Finding a stiffy next to the Liffey
In Ireland, Niamh’s friend Caroline picked us up after the bus ride that was Ryanair’s trip from Eindhoven to Dublin. Not only have they succeeded into minimizing the cost of air travel, they also are experts in tagging on all sorts of non standard nonsensical charges, increasing their potential income.
The most annoying is the traveler’s responsibility to print a boarding pass. If you check in without your own printed A4 piece of paper, you have to pay Ryanair 40 euros for the privilege of having one printed for you.
Still, that said, the whole less then very convenient trip still came in at an extremely affordable 41 euros each. So cheap that the hassle can only be a necessary evil.
Besides Caroline, the Sunday afternoon of our arrival also saw many a drunkard on the Luas tram in Dublin. Hello Ireland.
With Niamh having to visit her new employer in the seaside town of Dun Laoghaire (that’s Dun Leary, for you Gaelic-impaired speakers), which turned out to be a fairly boring place, I did manage to secure 3G access through Vodafone for the coming two weeks. I will be able to fuel my addiction.
Also Dublin, though quite lovely when it’s not raining (and it’s a surprisingly dry city) couldn’t excite me as much as it did on my previous visits. Perhaps it’s simply not exotic enough anymore for me.
Also, it’s definitely a rather expensive city. And there’s quite a bit of poverty. When Niamh, Caroline, who generously offered us her bed while she slept on her smallish couch, and myself had a drink in one of the downtown pubs, no less then 8 individuals asked us for money and/or smokes. Some several times. Africa, what, what?
This week, Europe-wide statistics were released revealing that, overall, Ireland was 30% more expensive than the European average, only Denmark being more pricey.
I did spend half a day in town, being the tourist, visiting the Irish Museum of Modern Art, which I found only so-so, and the Dolls store, a shop selling teddy bears and dolls which also runs a teddy bear clinic, where you can have your favorite teddies fixed up.

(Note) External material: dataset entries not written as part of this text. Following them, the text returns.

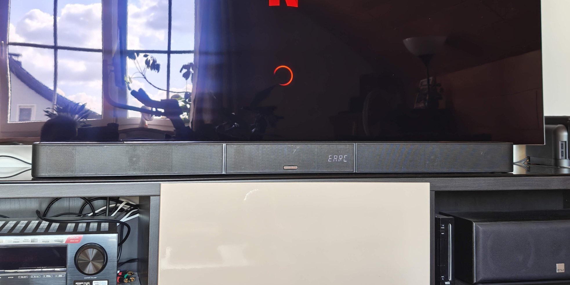 Wenn das Ultimea Soundsystem über HDMI mit eARC angeschlossen ist, funktioniert die Steuerung über die TV-Fernbedienung reibungslos. Das Ultimea-Soundsystem schaltet sich zuverlässig ein und aus und gibt dabei eine kleine Melodie von sich.
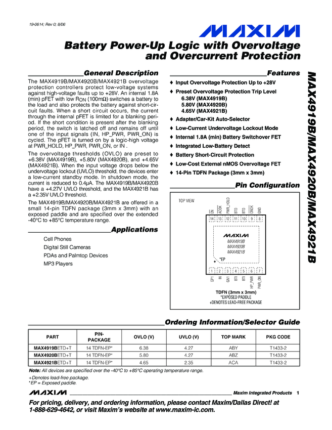MAX4919B, MAX4920B, MAX4921B Battery Power-Up Logic with Overvoltage and Overcurrent Protection
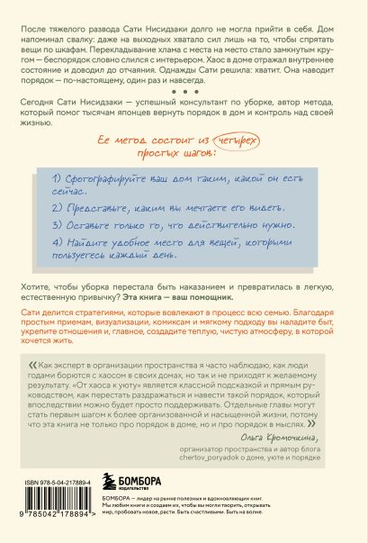 Когда в свет вышла первая книга Мари Кондо «Магическая уборка», никто не мог себе представить, какой успех ее ждет. 30-летняя японка с такой страстью пропагандировала избавление от хлама в доме и в жизни, что вдохновила этим сначала своих соотечественниц, а затем, благодаря видео, выложенным в Интернет, и женщин по всему миру. Книгу перевели на 35 языков и очень скоро она заняла 1 место в рейтинге Amazon.com, где продержалась более полугода, а сейчас, 2 года спустя, «Магическая уборка» по-прежнему в ТОП-50 самых популярных книг. В России за полгода было продано более 100 000 бумажных и электронных копий. Сейчас Мари Кондо представляет свою 2-ю книгу, «Искры радости», иллюстрированный практикум по методу КонМари, в котором вы найдете: · пошаговую инструкцию в картинках, как складывать одежду, чтобы она занимала минимум места и при этом сохраняла форму; · иллюстрированные правила организации вещей в шкафах и комодах; · руководство по хранению самых разных категорий, от бытовой химии до фотографий и документов; · ответы на самые распространенные вопросы от тех, кому все еще тяжело выбрасывать хлам; · уроки простой и полной радости жизни в окружении любимых людей и вещей.
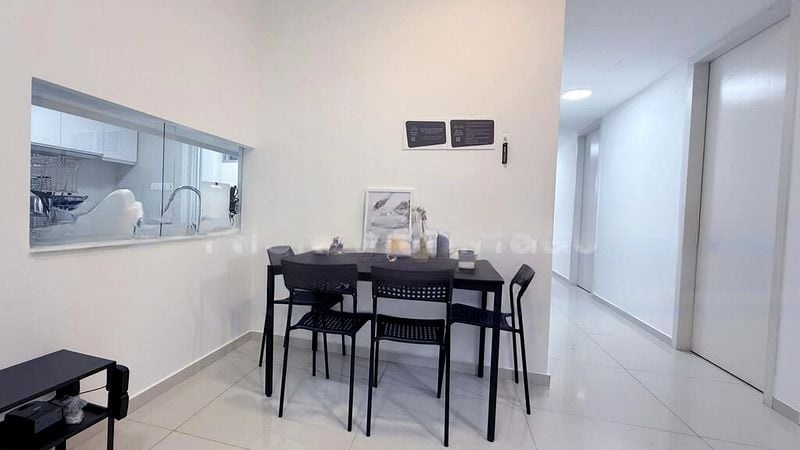 Step into a beautifully renovated 1-bedroom unit at Bedok Residences, where modern elegance meets functional living. The inviting ambiance is enhanced by moderate natural light filtering through sliding doors, leading you to a private balcony with views of the city skyline and surrounding residential landscape. The travertine-style bathroom tiles and glass shower partition create a spa-like retreat, while the contemporary finishes throughout the unit exude sophistication.
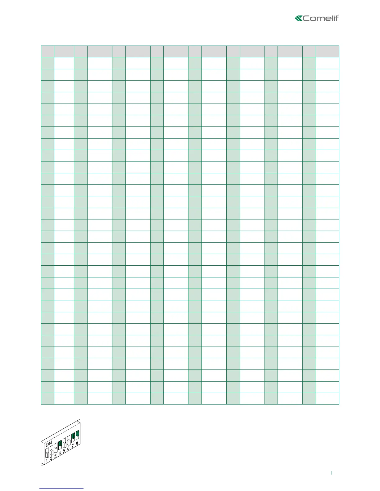 Dip switch programming table
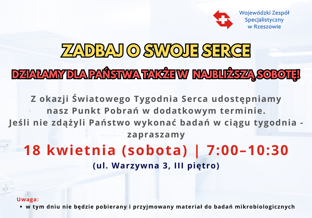 Zadbaj o swoje serce działamy dla Państwa także w najbliższą sobotę! Z okazji Światowego Tygodnia […]
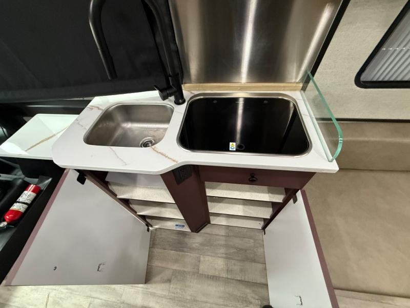 The Roadtrek Class B gas motorhomes are built upon the stylish Ram ProMaster 3500 chassis with a 3.6L V6 gas engine to power your trips near and far. The Uconnect 5 HD radio with Apple Car Play and Android Auto will make the drive just as sweet as the destination. Each model includes a 12V refrigerator, a two-burner recessed propane stove with a flush cover and built-in igniter, and ample storage space for all your belongings. There is even an outdoor shower to rinse the dirt off your feet before entering inside, and a retractable awning to protect you rain or shine. Come find your favorite one today!
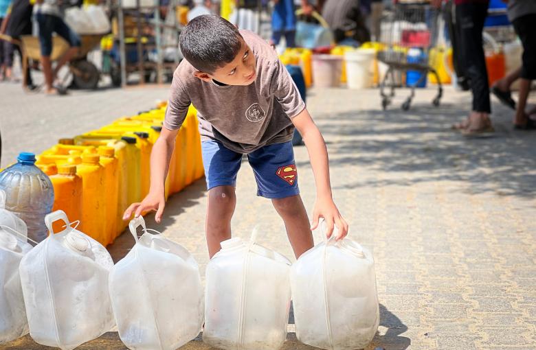 وينتظر الفلسطينيون جمع المياه من أحد الآبار المتبقية في مخيم النصيرات، وسط توقف الخدمات البلدية بسبب نقص الوقود وتدمير البنية التحتية. ويواجه الفلسطينيون صعوبات شديدة في الحصول على المياه نتيجة لهجمات الاحتلال المستمرة على قطاع غزة، وإغلاق المعابر الحدودية، وحظر دخول الوقود.
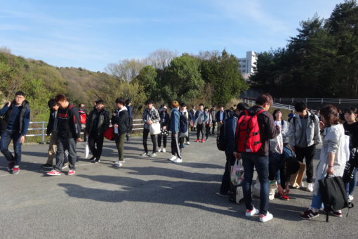本年度は、経済学部、人間文化学部、工学部と生命工学部生物工学科と生命栄養学科の計3学部10学科の新入生(692人)は「ツネイシしまなみビレッジ」、生命工学部海洋生物科学科の新入生(114人)は「尾道ふれあいの里」、薬学部の新入生(108人)は「福山ふれ愛ランド」において行いました。
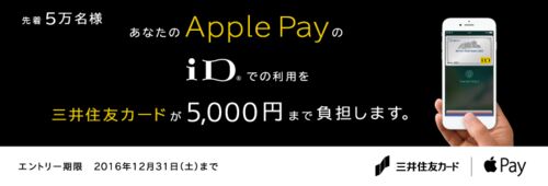 先着5万名様限定です! 三井住友カードを利用している方には朗報! iPhoneのApple Payに三井住友カードを登録して、iPhone7またはApple Watch 2をかざして支払い(iD払い)をすると5,000円まで負担してくれるという神キャンペーンです。登録はこちらから 先着5…
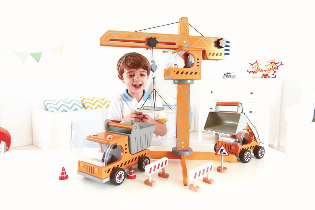 Nu er byggepladsen klar til at få en ny krandriver med super cool kran fra hape lavet af træ.
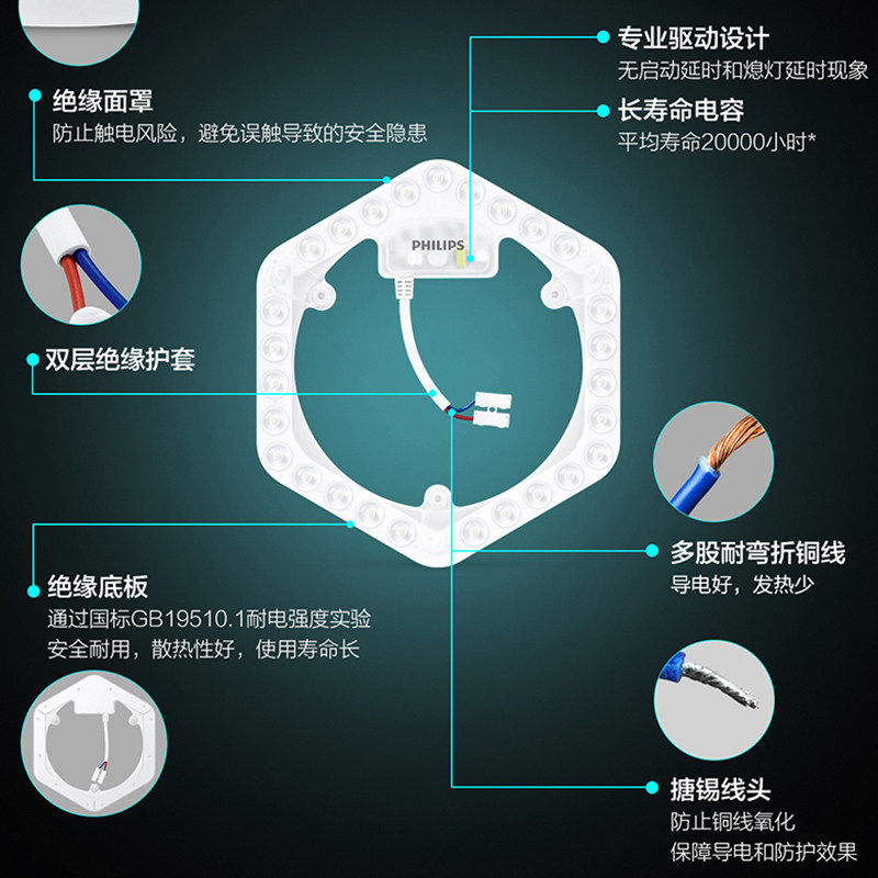 飞利浦LED模组灯芯灯管吸顶灯led灯盘磁吸灯板超亮节能圆形替换
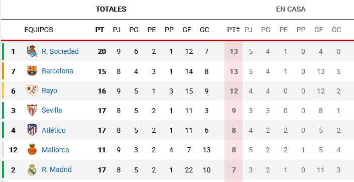 Real Sociedad y Barcelona acumulan un punto más (13) como local; aunque tanto donostiarras como catalanes han jugado un partido más y en este caso han sumado un empate.
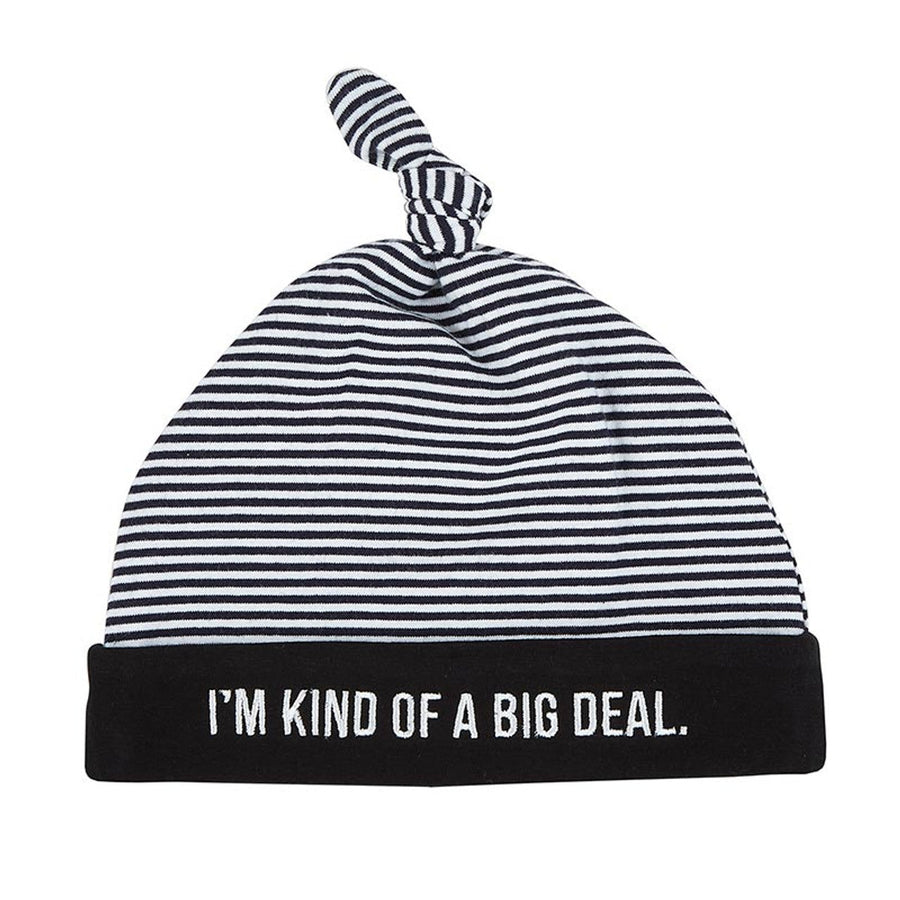 Wrap up your little social media star in style with the 'I'm Kind Of A Big Deal' knit hat, perfect for babies aged 6-12 months. The black striped cap with white embroidered lettering is sure to make them stand out at any event or playdate. Makes a thoughtful gift for trendy parents looking to make a statement with their little one's wardrobe. Show off your baby's personality with the 'I'm Kind Of A Big Deal' knit hat from Creative Brands. Crafted from a blend of cotton and spandex, this black and white striped cap is the perfect accessory for babies aged 6-12 months. Whether they're headed to a party or just hanging out at home, this hat is sure to make them the center of attention. Great for gifting to new parents who love to dress their little ones in unique and stylish pieces.
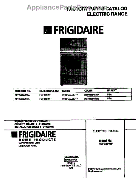 Parts for Frigidaire FEF389WFSA: 01 - Cover Parts
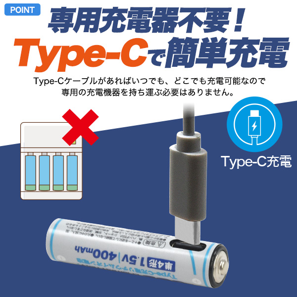 画期的!Type-Cケーブルでダイレクトに充電! Type-C充電リチウムイオン電池(単4形×4本セット)
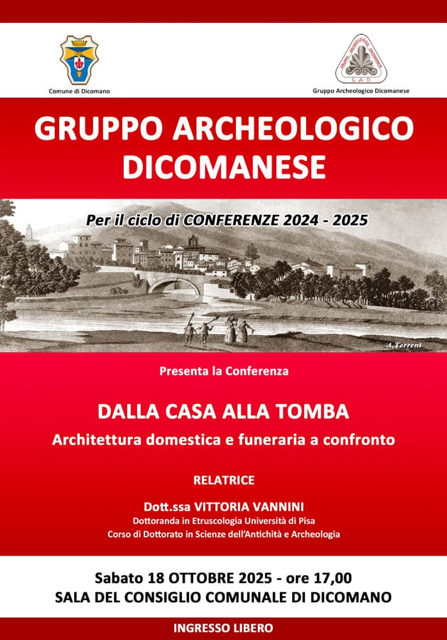 La relatrice Dott.ssa Vittoria Vannini, dottoranda in Etruscologia presso l’Università di Pisa, esplorerà il tema dell’architettura domestica e funeraria nel mondo antico, mettendo a confronto le forme, i significati e le simbologie che legavano la vita quotidiana agli spazi dedicati alla memoria dei defunti.

Another more pervasive fixture of the Irish shoposphere is the presence of stores pawning eastern European wares, with particularly Polish stores being popular, even though the number of Poles in Ireland could be as little as 1 in 100. Even more obscure, just off Henry street, one store thought it viable to only sell Lithuanian warez.
On the other hand, quite a bit of cheap labor, particularly in the catering industry, at least in Dublin, seems to be staffed by Poles.